Jun. 11, 2005 - Protesters rallied in several Australian cities on Saturday urging the government to grant political asylum to a Chinese diplomat who is in hiding saying he fears for his safety and that of his family if returned to China.

Chen Yonglin, 37, has formally applied for political asylum after defecting last month but the Australian government has discouraged the application, which has been granted only very rarely in the past.

About 50 people demonstrated in each of the rallies in Melbourne, Brisbane and Adelaide in support of Chen.

The Falun Gong movement also demonstrated in support of the diplomat by staging a gruesome re-enactment in Sydney of torture that it says its practitioners are regularly subjected to by a branch of the Chinese security service known as 610.

Chen, a political affairs consul, told the Australian Immigration Department last month that he had been troubled by his role at China's Sydney consulate prosecuting practitioners of Falun Gong.

The movement, which embraces a form of meditation blended with [Master Li's teachings], is denounced by the Chinese government [and persecuted brutally].

Australia's Immigration Department is examining Chen's application for a protection visa, which is granted to asylum seekers under the U.N. Refugees Convention, after Foreign Minister Alexander Downer discouraged the diplomat's application for political asylum.

Chen is now in hiding with his wife and 6-year old daughter.
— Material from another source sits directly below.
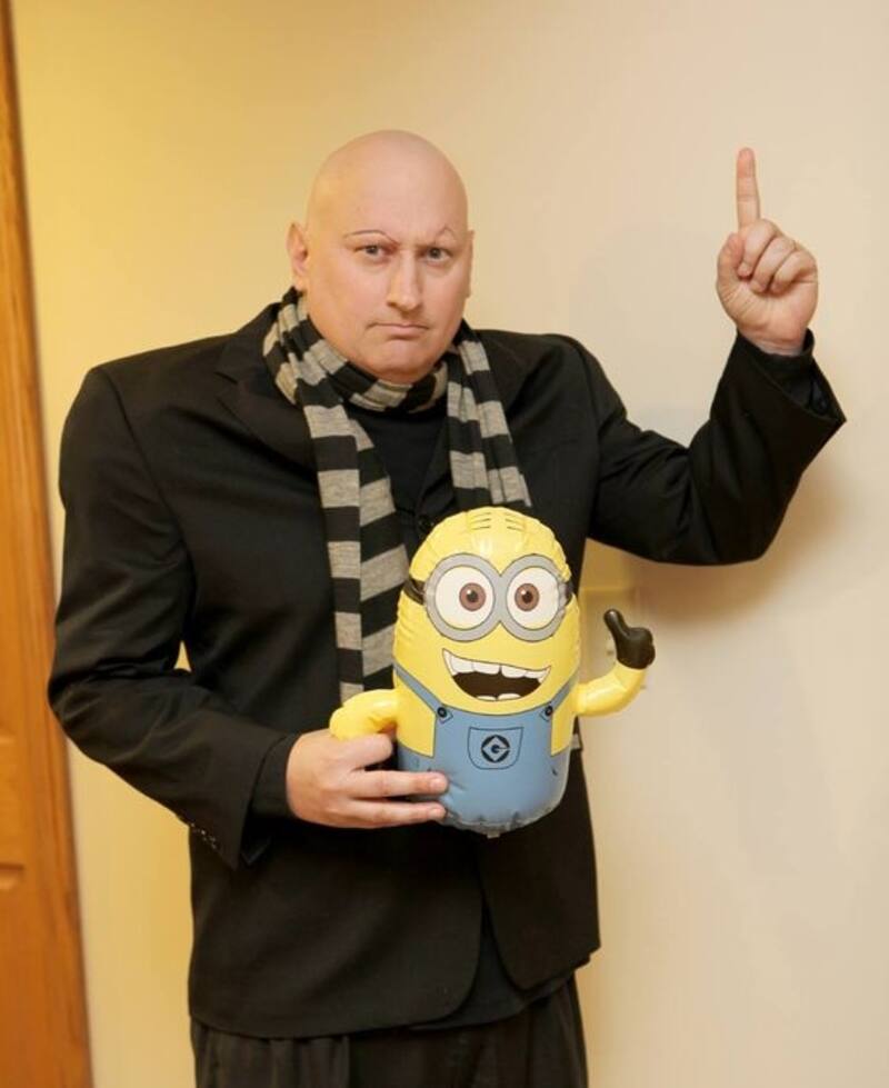Este personaje se ha vuelto uno de los padres animados favoritos de todos, y para crearlo, puedes hacerlo con un traje negro o gris y una bufanda a rayas. Si quieres sumarle algo más, busca a alguien que se disfrace de Minion contigo.

He did not appear at any of Saturday's rallies.

The Chinese defector made his political asylum bid public a week ago at a Sydney rally held to mark the anniversary of the Chinese army's crushing of the 1989 Tiananmen Square pro-democracy protests.

"Trade or human rights is the issue," John Deller, a Falun Gong spokesman, said at the Sydney rally.

Speakers at rallies in Melbourne and Brisbane also accused the Australian government of putting trade over human rights in discouraging Chen's application for political asylum.

Beijing, Australia's third-largest trading partner with annual trade worth almost A$29 billion (more than $22 billion), is in talks with Canberra on a free-trade agreement. Negotiations over major resources deals between the two countries are also under discussion.

Saturday's rallies also called on the Australian government to grant asylum to a second defector, Hao Fengjun, who says he had worked as a state security officer for the 610 agency at its branch in Tianjin, northern China.

More rallies are planned for Sydney and Perth in coming days. ($1 = A$1.32)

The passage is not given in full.